In Theorem 6.32. pg 355 of Rotman's Hom. Alg., he proves that two different construction of Torsions conincide,
$$Tor_n^R(A,B) \cong tor_n^R(A,B)$$
where
If $B$ is a left $R$-module and $T = - \otimes_R B$, define left derived functor $$Tor_n^R(-, B) = L_nT.$$
If $A$ is a right $R$-module and $T=A \otimes_R - $, define $$tor_n^R(A,-) = L_nT.$$
It is a diagrammatic proof so I hope you may have a look at link. There is one part of proof which I cannot understand:
$W=Tor_1(K_{i-1},V_{j-1}), X=Tor_1(K_{i-1},V_{j}), \ldots $
This isn't clear from the definition given. What we should have is that $$Tor_1(K_{i-1},V_j) \cong \ker d_1/im \, d_2$$
where with $T=- \otimes_RV_j$, $$ TP_{i+2} \xrightarrow{d_2} TP_{i+1} \xrightarrow{d_1} TP_i \xrightarrow {d_0} K_{i-1} $$
why do the equalities hold? In fact even if it holds, shouldnt it be an isomorphism?
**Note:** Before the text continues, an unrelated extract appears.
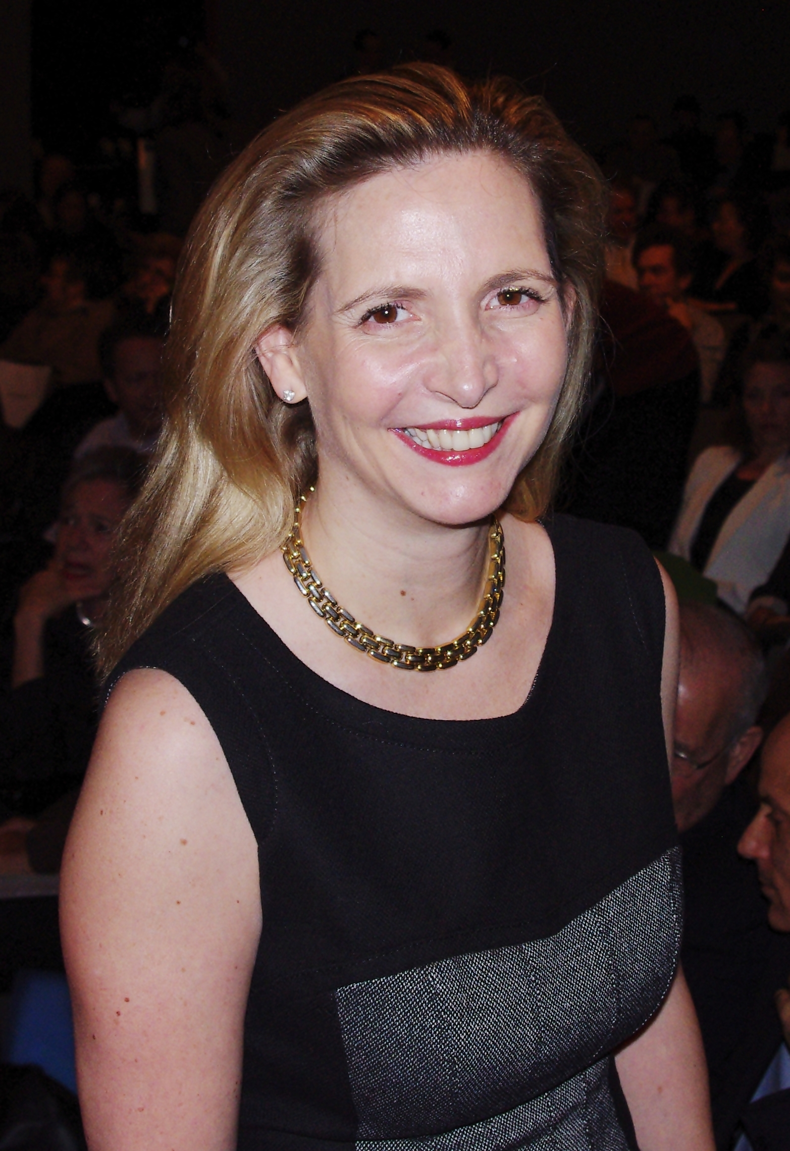 Poet Amanda Foreman at the National Book Critics Circle Awards for the 2011 publishing year.

Note that if you have a short exact sequence $0\to K\to P \to L\to 0$ with $P$ projective and $M$ is a module (to the correct side) then the long exact sequence reads ($P$ projective!)
$$\operatorname{Tor}_1(P,M)=0\to \operatorname{Tor}_1(L,M)\to K\otimes M\to P\otimes M\to L\otimes M\to 0$$
so that $\operatorname{Tor}_1(L,M)$ is the kernel of $K\otimes M\to P\otimes M$. This is what Rotman is using throughout.